Power Pack are back! Katie, Jack, Julie and Alex are together for the first time in years in a five-issue mini-series tying in to the Outlawed event. As best as I can tell, that’s Civil War for Marvel’s younger set, and while I couldn’t resist grabbing a new Power Pack book, my lack of enthusiasm for a Marvel event meant it was weeks before I opened it.
As it turns out, the Outlawed business only comes up on the final page. Before that, the Power family have the comic all to themselves, and it’s ruddy wonderful. It begins with a recap of their origins, courtesy of Katie and her mini-comic.

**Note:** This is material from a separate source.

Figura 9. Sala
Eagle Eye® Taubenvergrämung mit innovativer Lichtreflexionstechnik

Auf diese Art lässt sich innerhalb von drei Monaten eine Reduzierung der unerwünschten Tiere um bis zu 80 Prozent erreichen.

Her plan is to reveal the siblings’ super-powers and activities to their parents this very night, at Margaret and Jim’s Silver Wedding dinner. Jack is all for it, craving attention, but Julie and Alex – who have been away in space with the Future Foundation – aren’t keen.

Katie agrees to keep the secrets for now, and the meal goes smoothly before proceedings are rudely interrupted.

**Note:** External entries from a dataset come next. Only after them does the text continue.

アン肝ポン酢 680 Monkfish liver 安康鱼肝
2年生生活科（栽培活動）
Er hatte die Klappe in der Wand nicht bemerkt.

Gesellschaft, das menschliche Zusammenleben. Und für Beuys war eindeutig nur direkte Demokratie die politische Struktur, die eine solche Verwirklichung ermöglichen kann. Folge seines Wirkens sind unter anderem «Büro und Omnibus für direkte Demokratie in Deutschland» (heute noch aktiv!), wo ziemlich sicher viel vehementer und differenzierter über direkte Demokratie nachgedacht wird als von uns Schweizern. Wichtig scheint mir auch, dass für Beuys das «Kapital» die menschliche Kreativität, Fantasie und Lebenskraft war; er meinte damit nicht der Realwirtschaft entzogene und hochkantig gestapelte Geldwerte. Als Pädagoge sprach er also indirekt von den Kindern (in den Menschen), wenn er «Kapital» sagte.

The youngest Power girl makes her excuses and goes to the bathroom to change into her superhero togs. But how can Katie’s brothers and sisters join her?

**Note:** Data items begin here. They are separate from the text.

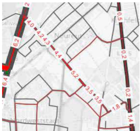
Verkehrszunahme durch neue Rheinbrücke mit Anbindung an B 36 südlich Klärwerk (1.000 Kfz/24 h) Quelle 2 (s.u.)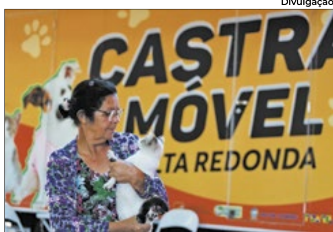
Cães e gatos de até 20 quilos podem ser castrados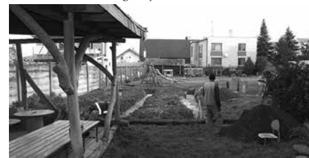
Na vyčistenej ploche sa stavia nová telocvičňa.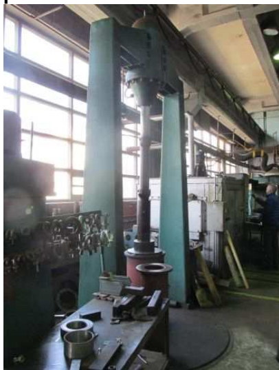
Ad 11 Hidraulična stubna preša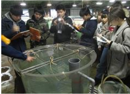
栽培漁業センターでの実習

Watch out, Boogeyman, Power Pack is gonna get ya!

This comic is a delight from beginning to end. The original Power Pack, under creators Louise Simonson and June Brigman, was a thoroughly charming concoction. The kids has well-delineated personalities and sparked off one another, they actually looked like children rather than adults with weird heads, and had adventures in the Marvel Universe that were happily untouched by major angst. But the creators who followed Simonson and Brigman never clicked with the concept, and Marvel moved so far away from the original set-up – Julie spent a few years hanging out with a college encounter group for screwed-up supers while Alex became a Fantastic Four regular – that it seemed the magic was gone forever.
But here we have writer Ryan (Squirrel Girl) North and artist Nico (Ms Marvel) Leon – their full names, honestly – reuniting the siblings for the most logical of reasons. They’re a few years older than they were in their debut run, but not so aged as to be unrecognisable. Katie, originally just beyond toddlerdom, is a tween here, Jack an early teenager, and Julie and Alex probably 19 and 21, if we allow that Julie’s college days lasted less than a year. Ach, who cares, they’re just great company. Smartly, Ryan doesn’t precisely map on the original character dynamics, having the quartet get along a little better than they did. They’re more respectful of one another, kinder – Katie still kicks against being the ‘baby’ of the family, but no one is actively patronising her.
The Power parents are as lovable as ever, fiercely intelligent but somehow oblivious to their brood’s other lives – I’d love them to find Katie’s comic, because they really should know what great kids they have.
As for the villain, he’s a hoot. Laughable, but actually rather scary.

Leon is the perfect partner for North, superbly capturing the surburban ways of the Powers and, vitally, making Jack, Julie, Katie and Alex recognisably kids and young adults – Alex’s beanie, in particular, is a telling touch. He also handles the humour with a deft touch and captures the joy of young heroes in flight.
And those opening pages, drawn in Katie’s, shall I say, naive art style, are tremendous. I was expecting to see a credit for some young relative of Leon’s but no, he really is still on speaking terms with his inner child.
Colour artist Rachelle Rosenberg brings extra life to proceedings with her joyous colour palette – the foreground figures pop against backgrounds with lovely graduated tints. Plus, she models faces and clothes with her tones, Marvel apparently being too mean to employ an inker to add depth. Travis Lanham’s use of upper and lower case is the only creative decision I dislike; it makes the book look like it’s aimed solely at the younger set, whereas this is definitely all-ages fun. Which isn’t to say Lanham does a bad job, he’s an asset to any book, and likely just doing what he’s been told. (Cards on the table, I hate storybook fonts used for entire issues under any circumstances, having grown up with it as shorthand for whispering.)
The cover by Ryan Stegman, JP Mayer and Frank Martin is bright and beautiful, but the new logo is a bit of a passion killer. Yes, I see what someone did there, designing it around a computer on/off button – power, geddit? – but it lacks the pure comic zip of the original.
This is a wonderful debut issue and I’m now confident that the remaining chapters, despite being linked to the Outlawed business, will be total treats too.
I think everyone’s ignoring Outlawed. It could be the last straw for me for every ongoing touched by it. Power Pack I can’t imagine being derailed too far because, come on, Ryan North. That news bulletin was a hoot too, wasn’t it? My only hope because I trust North is that we see power sqitching at some point. That would really make this Pwer Pack in a classic way!
LikeLike
I’m for power switching, hopefully so everyone gets something they’ve not had previously. I wonder if Power Pack powers are like ultra energy, being useful for one thing at a time.